The overhaul appears to enable advertisers to more easily buy sponsorships and ad programs across properties--offline and online--with integrated placements, pre-roll video and standard online ad units.

"Advertisers love the ability to connect with the audience we deliver and they're looking to us to do really smart integrated programs," said Beth-Ann Eason, senior vice president of Internet, who heads advertising and marketing for the digital operation.

Garnier and 3M's Scotch-Brite, for example, are advertising across platforms--on TV, in print and online, according to Eason, and "delivering a consistent message across all three."

Advertisers want video, Eason said, rattling off Dove, Kraft, Oil of Olay, Allstate, Buitoni, GE, Garnier, and HP.

"We're also trying to connect them with channel sponsorships -- like on our food channel -- for combined video and ad placements," she said. "We do have advertisers that are interested in pre-roll video."

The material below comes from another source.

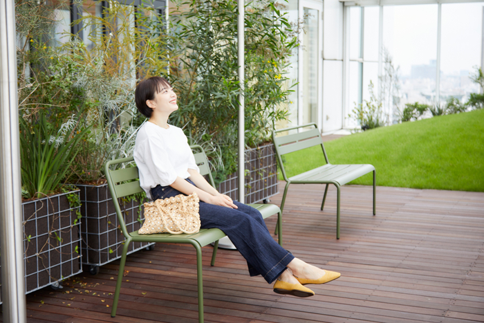 密集した立木を間引くことによって木の生育を助けたり、採光性を高めたりする間伐。その際に伐採された「間伐材」の樹皮を原料として作った「和紙糸」を「Oito」では使用しています。建築用としての需要が少ない間伐材をどう活用していくかが課題となっているなかで、「和紙糸」はその糸口となる可能性を秘めています。肌にあたる部分(靴の内側・インソール)は「和紙糸」を使い、靴の外側は汚れに強い「リサイクルペット糸」を使用した二層構造。環境へ配慮した素材を全体に使いつつ、靴を履く人の心地よさも両立させています。

Kraft is one of several new advertisers the relaunch brought in. It bought a home page takeover, and is running 160 x 600 and 300 x 250 units, along with an in-banner unit with embedded video player. Most ads are running within targeted areas like the Everyday Food, Food and Home sections.

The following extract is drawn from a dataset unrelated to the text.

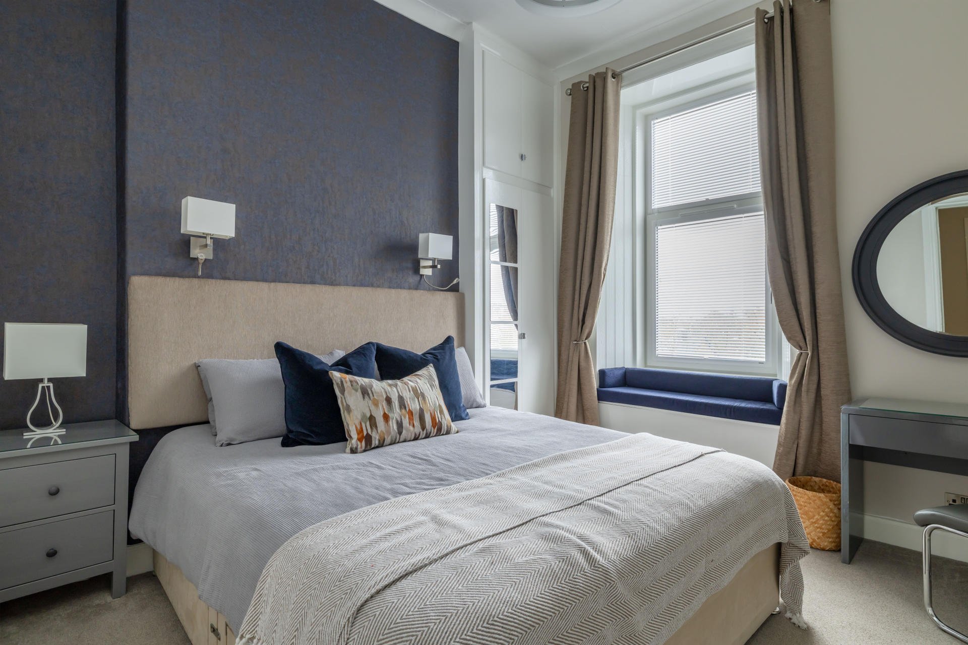 The living room has a beautiful bay window, where you can sit and enjoy a meal. The original fireplace has been retained, as well as the cornice. The apartment has been furnished with smart, modern furniture, which complements the original features beautifully. If you wish to enjoy quiet night at home, we have WiFi, a computer area, and flat screen smart TV with Netflix. The galley kitchen has everything you would expect, including microwave and washing machine, and is both attractive and convenient.

Kraft also bought a cheese keyword package so that anyone looking for cheese recipes, salads, soups, and appetizers will see it in the search results, according to Martha Ramos, media planner for Kraft at Modem Media.

Haircare brand Garnier began an ad program with MSLO on TV, followed by pages in Body + Soul that also featured a link for consumers to access a downloadable PDF on skincare.

This fall, new community and personalization features will enable users to save, share, rate, review and collect content from the site--as well as interact with each other through interest groups dedicated to specific lifestyle passions and concerns.

"Community with personalization is what we're focused on later this year. We'll be focused on how do we invite conversation around our content--whether it's standards, ratings or recommendations," Brown explained. "We don't want to do it just to do it. Having the community comment on what's easy versus what's aspirational is very valuable, and then it's not just Martha saying it's easy or difficult--it's users like you and me."

Marthastewart.com racked up 1.3 million U.S. unique visitors in February with an average of 11.2 minutes spent per visitor, according to comScore Media Metrics. Sites that offer similar content include HGTV.com, which posted 6.1 million unique visitors in February, along with BGH.com (Better Homes & Gardens) which had 2.4 million uniques; and DIY.com (2.3 million). ComScore reported that iVillage posted 15.1 million uniques with an average of 9.4 minutes per visitor.